### Task to carry out:
Restate the listing below word for word; no pictures belong in the copy.

### Data shown:

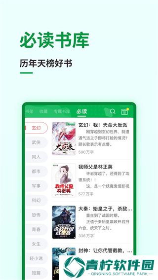 【内容齐全】:玄幻、都市、言情、武侠、科幻、军事、职场励志,应有尽有
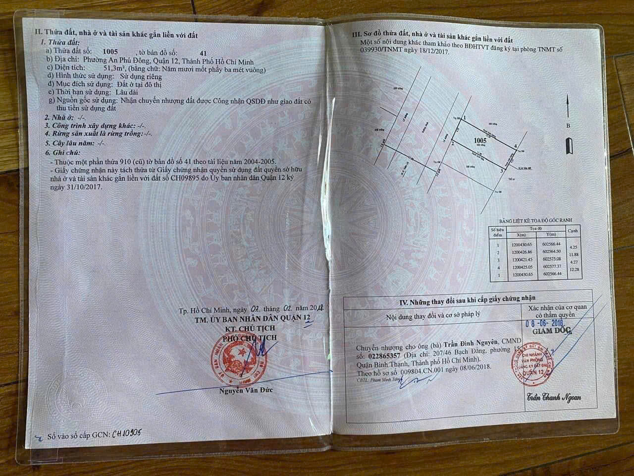 + DT: 4.25 x 12.28m = 51.3m2 Thổ cư. [Hậu: 4.27m].
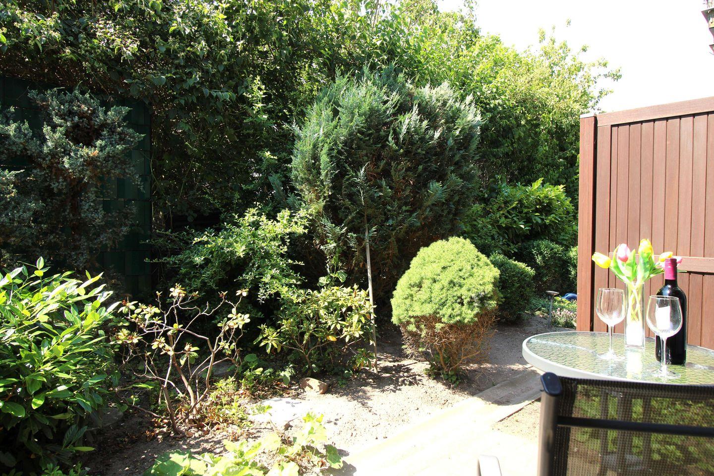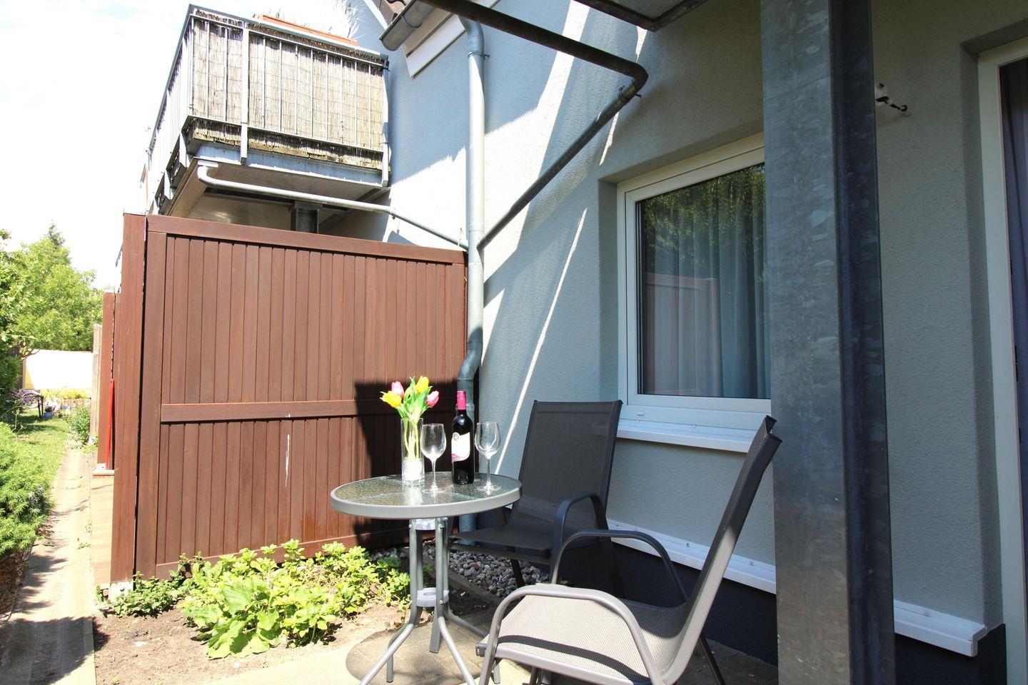 Die Ferienwohnung verfügt über eine ebenerdige, nach Süd-Westen bzw. Westen ausgerichtete, ca. 6 m² große und teilweise überdachte Terrasse (mit Gartenmöbeln), die Sie vom Schlafzimmer aus erreichen. Hier sitzen Sie entspannt und gemütlich im Grünen und können abends bei einem guten Glas Wein in Ruhe die lauen Sommernächte genießen!

### Finished task:
 【内容齐全】:玄幻、都市、言情、武侠、科幻、军事、职场励志,应有尽有
 + DT: 4.25 x 12.28m = 51.3m2 Thổ cư. [Hậu: 4.27m].
 Die Ferienwohnung verfügt über eine ebenerdige, nach Süd-Westen bzw. Westen ausgerichtete, ca. 6 m² große und teilweise überdachte Terrasse (mit Gartenmöbeln), die Sie vom Schlafzimmer aus erreichen. Hier sitzen Sie entspannt und gemütlich im Grünen und können abends bei einem guten Glas Wein in Ruhe die lauen Sommernächte genießen!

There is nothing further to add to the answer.